Data extracts>
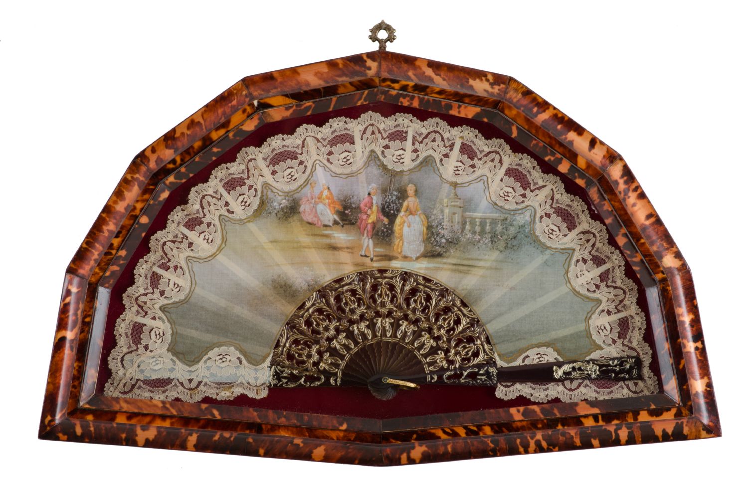 VENTAGLIO in stoffa dipinta raffigurante "scena galante" entro teca in...
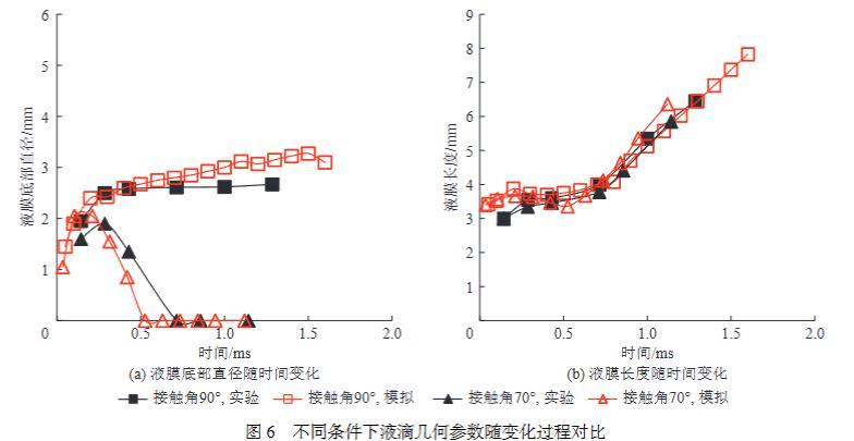 為進(jìn)一步驗(yàn)證本模型計(jì)算結(jié)果的可靠性,依據(jù)BANITABAEI等在實(shí)驗(yàn)中設(shè)置的不同碰撞條件,開(kāi)展了相應(yīng)的數(shù)值模擬。如圖5b和圖5c所示,在不同碰撞條件下,數(shù)值模擬結(jié)果中的液滴形變過(guò)程與實(shí)驗(yàn)結(jié)果均具有較高的吻合度。圖6對(duì)比了數(shù)值模擬結(jié)果與實(shí)驗(yàn)結(jié)果中液滴幾何尺寸的變化過(guò)程,也具有較高的吻合度。其中,圖6a所展示的液膜底部直徑隨時(shí)間變化曲線(xiàn),數(shù)值模擬結(jié)果與實(shí)驗(yàn)結(jié)果稍有偏差,原因是實(shí)驗(yàn)中固定顆粒的支撐柱對(duì)液膜底部的形變過(guò)程產(chǎn)生了一定影響。綜上所述,可認(rèn)為筆者構(gòu)建的數(shù)值模擬模型合理,結(jié)果具有較高可靠性。由于在毫米尺度下和微米尺度下,液滴與固體顆粒的碰撞過(guò)程均遵守經(jīng)典牛頓力學(xué)定律和經(jīng)典流體力學(xué)理論,所以本數(shù)值模擬模型可用于微米尺度下的其他工況條件的數(shù)值模擬研究。
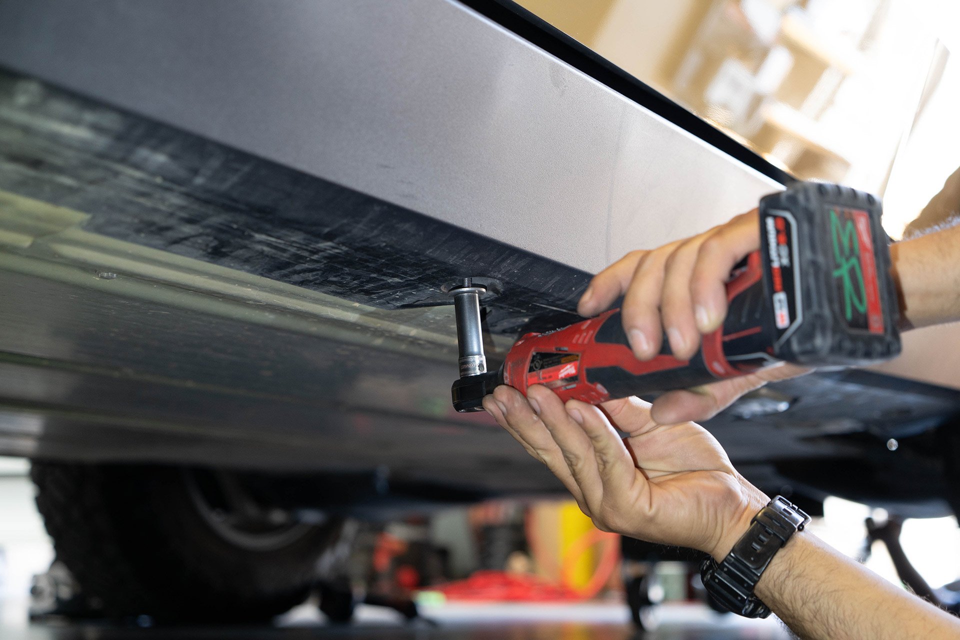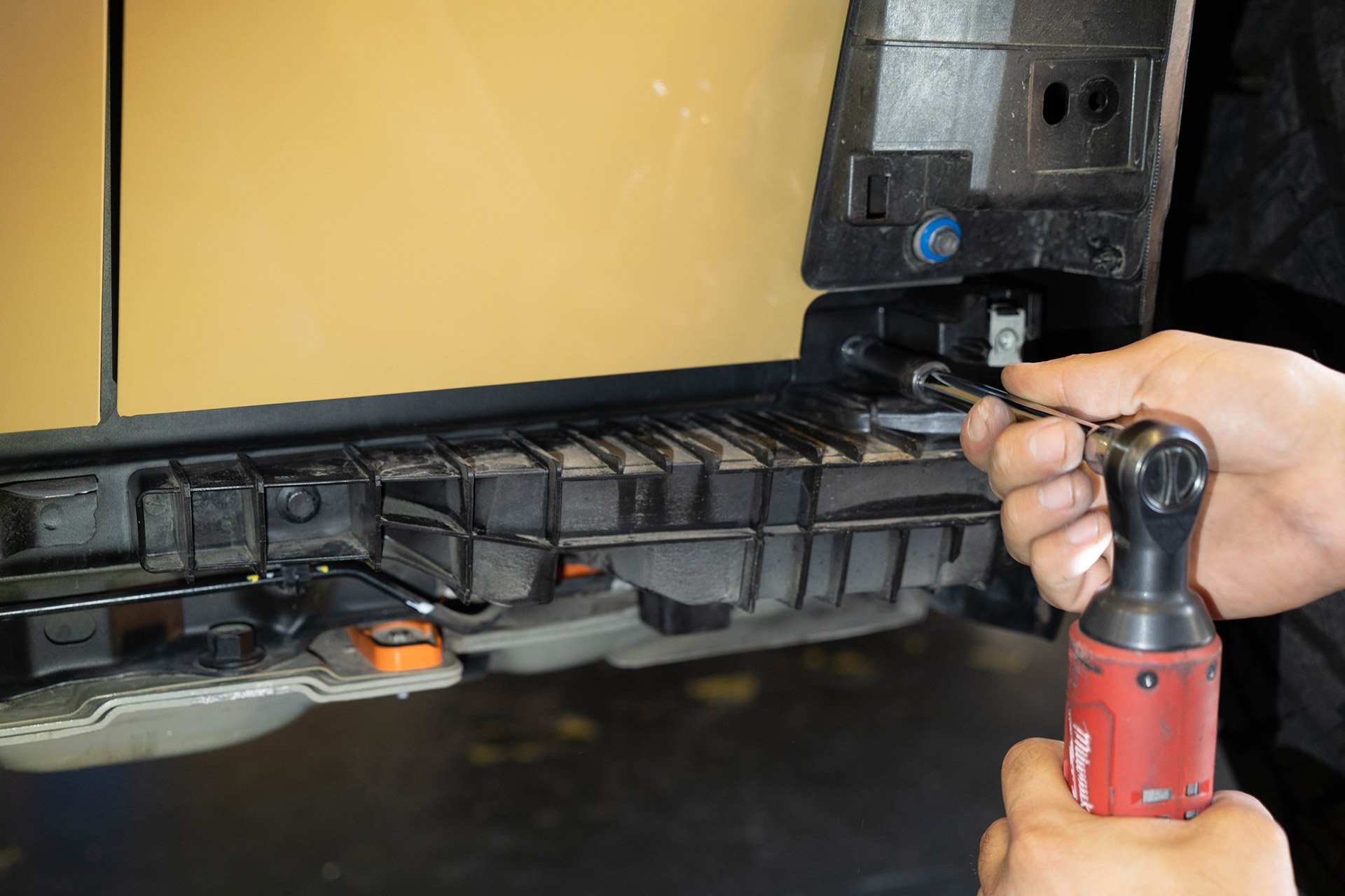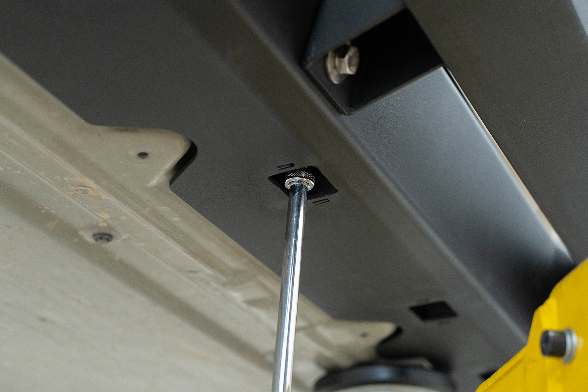 Next, using a 15mm socket, apply final torque to the 8 bolts securing the bottom of the rock slider to the vehicle.
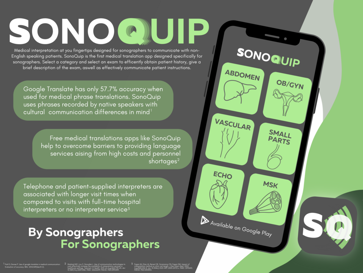 Medical interpretation services are not always readily accessible to sonographers, particularly in low-resource environments. SonoQuip was created to help bridge this communication gap. The app functions as a multilingual soundboard of common ultrasound phrases and instructions, allowing sonographers to communicate essential exam guidance with patients who have limited English proficiency.
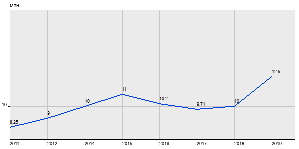 8.25 млн. руб, а в 2019 году - 12.5 млн. руб. Таким образом, средняя стоимость трёхкомнатных квартир в районе "Строгино" за
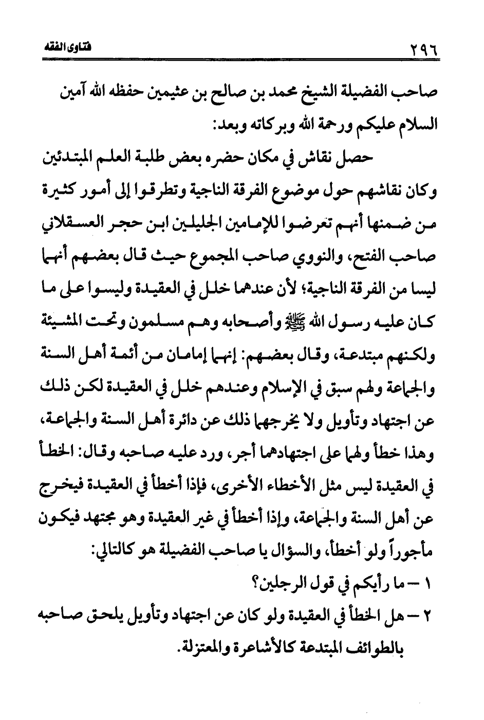 والجماعة ولهم سبق في الإسلام وعندهم خلل في العقيدة لكن ذلك عن اجتهاد وتأويل ولا يخرجهما ذلك عن دائرة أهل السنة والجماعة، وهذا خطأ ولهما على اجتهادهما أجر، ورد عليه صاحبه وقال: الخطأ في العقيدة ليس مثل الأخطاء الأخرى، فإذا أخطأ في العقيدة فيخرج عن أهل السنة والجماعة، وإذا أخطأ في غير العقيدة وهو مجتهد فيكون مأجوراً ولو أخطأ، والسؤال يا صاحب الفضيلة هو كالتالي:
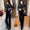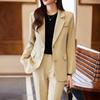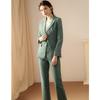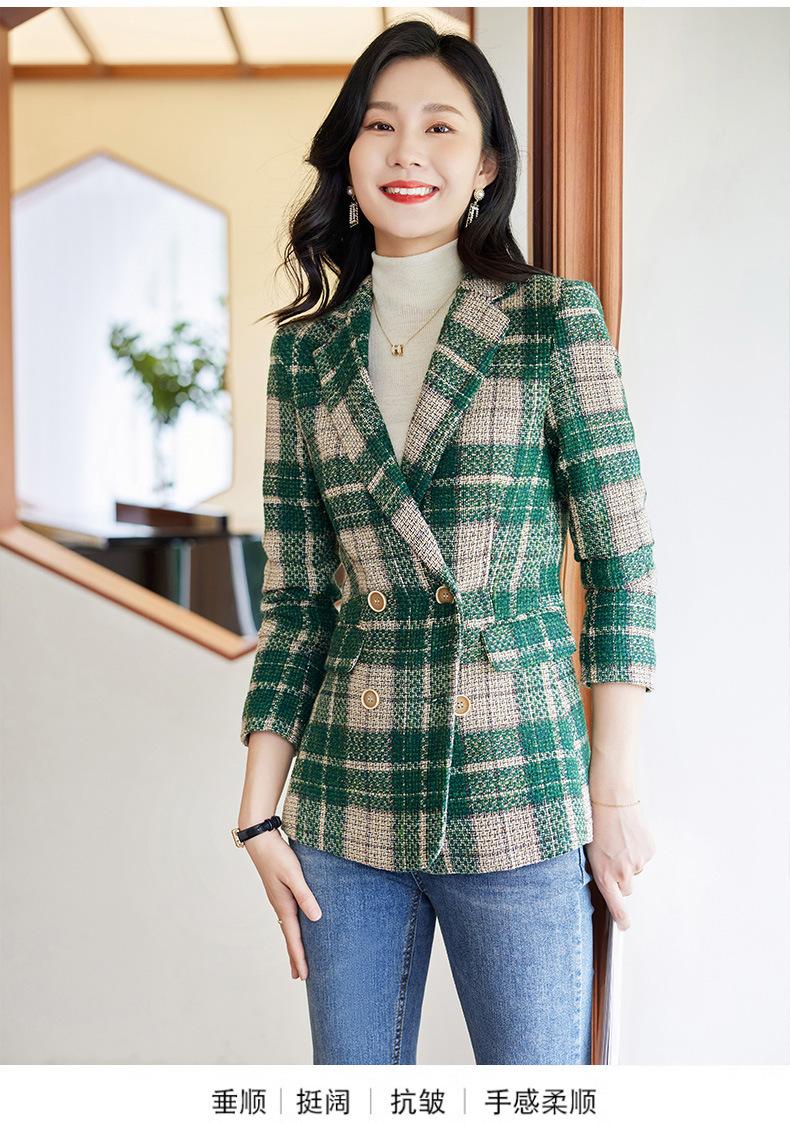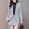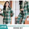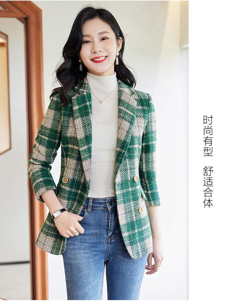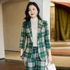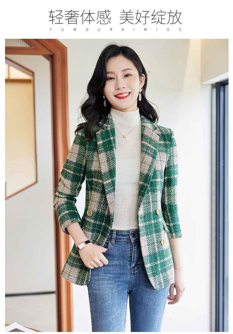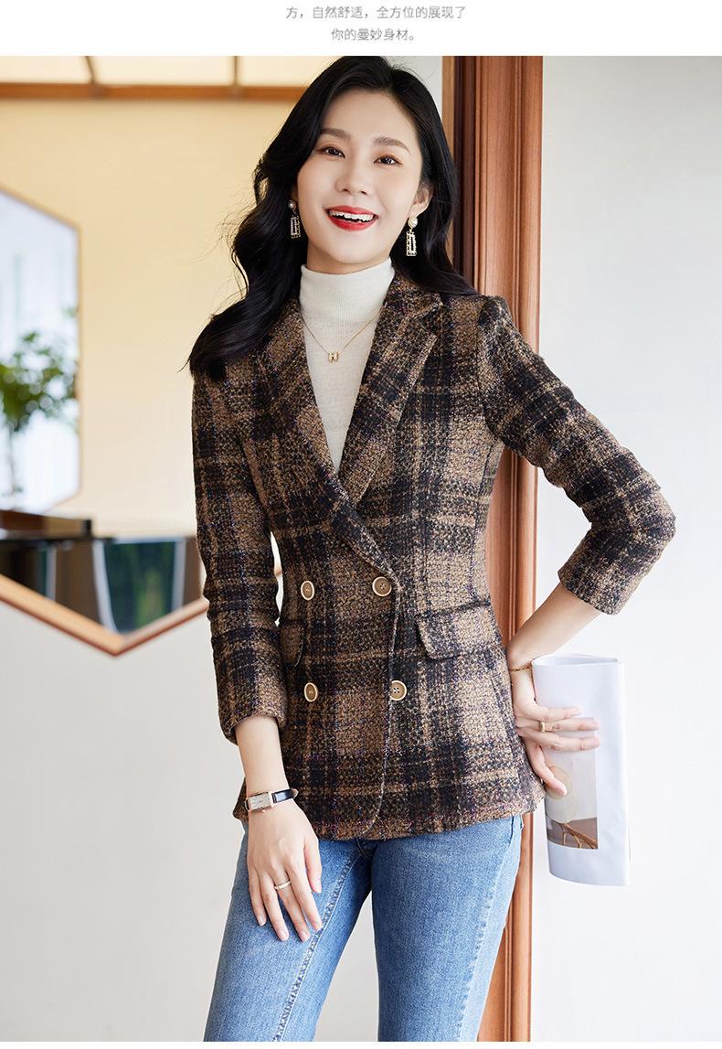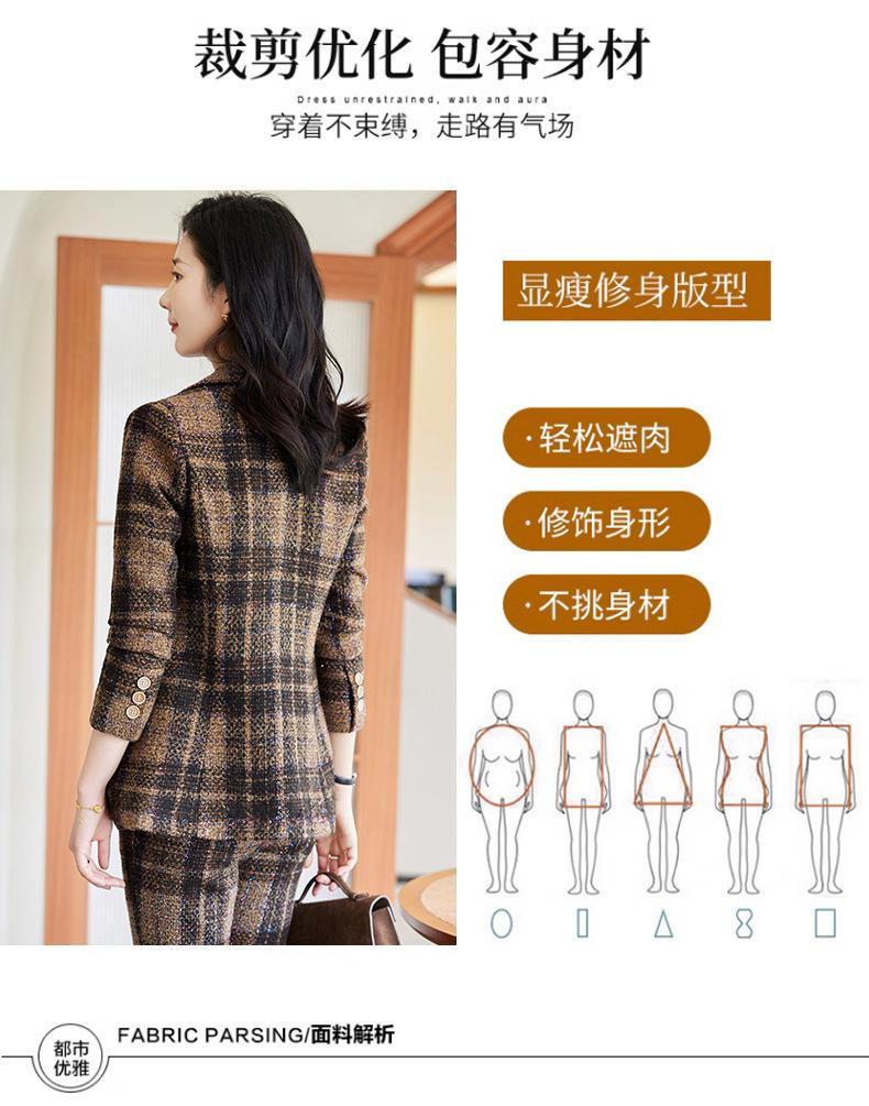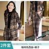 2020 Otoño e Invierno nuevo marrón cuadros manga larga traje pequeño cuello chaqueta mujer pantalones dos piezas traje viajero

Exercise directions> Would you transcribe each of the entries exactly, skipping the pictures?

Your response>
 VENTAGLIO in stoffa dipinta raffigurante "scena galante" entro teca in...
 為進(jìn)一步驗(yàn)證本模型計(jì)算結(jié)果的可靠性,依據(jù)BANITABAEI等在實(shí)驗(yàn)中設(shè)置的不同碰撞條件,開(kāi)展了相應(yīng)的數(shù)值模擬。如圖5b和圖5c所示,在不同碰撞條件下,數(shù)值模擬結(jié)果中的液滴形變過(guò)程與實(shí)驗(yàn)結(jié)果均具有較高的吻合度。圖6對(duì)比了數(shù)值模擬結(jié)果與實(shí)驗(yàn)結(jié)果中液滴幾何尺寸的變化過(guò)程,也具有較高的吻合度。其中,圖6a所展示的液膜底部直徑隨時(shí)間變化曲線(xiàn),數(shù)值模擬結(jié)果與實(shí)驗(yàn)結(jié)果稍有偏差,原因是實(shí)驗(yàn)中固定顆粒的支撐柱對(duì)液膜底部的形變過(guò)程產(chǎn)生了一定影響。綜上所述,可認(rèn)為筆者構(gòu)建的數(shù)值模擬模型合理,結(jié)果具有較高可靠性。由于在毫米尺度下和微米尺度下,液滴與固體顆粒的碰撞過(guò)程均遵守經(jīng)典牛頓力學(xué)定律和經(jīng)典流體力學(xué)理論,所以本數(shù)值模擬模型可用于微米尺度下的其他工況條件的數(shù)值模擬研究。
 Next, using a 15mm socket, apply final torque to the 8 bolts securing the bottom of the rock slider to the vehicle.
 Medical interpretation services are not always readily accessible to sonographers, particularly in low-resource environments. SonoQuip was created to help bridge this communication gap. The app functions as a multilingual soundboard of common ultrasound phrases and instructions, allowing sonographers to communicate essential exam guidance with patients who have limited English proficiency.
 8.25 млн. руб, а в 2019 году - 12.5 млн. руб. Таким образом, средняя стоимость трёхкомнатных квартир в районе "Строгино" за
 والجماعة ولهم سبق في الإسلام وعندهم خلل في العقيدة لكن ذلك عن اجتهاد وتأويل ولا يخرجهما ذلك عن دائرة أهل السنة والجماعة، وهذا خطأ ولهما على اجتهادهما أجر، ورد عليه صاحبه وقال: الخطأ في العقيدة ليس مثل الأخطاء الأخرى، فإذا أخطأ في العقيدة فيخرج عن أهل السنة والجماعة، وإذا أخطأ في غير العقيدة وهو مجتهد فيكون مأجوراً ولو أخطأ، والسؤال يا صاحب الفضيلة هو كالتالي:
 2020 Otoño e Invierno nuevo marrón cuadros manga larga traje pequeño cuello chaqueta mujer pantalones dos piezas traje viajero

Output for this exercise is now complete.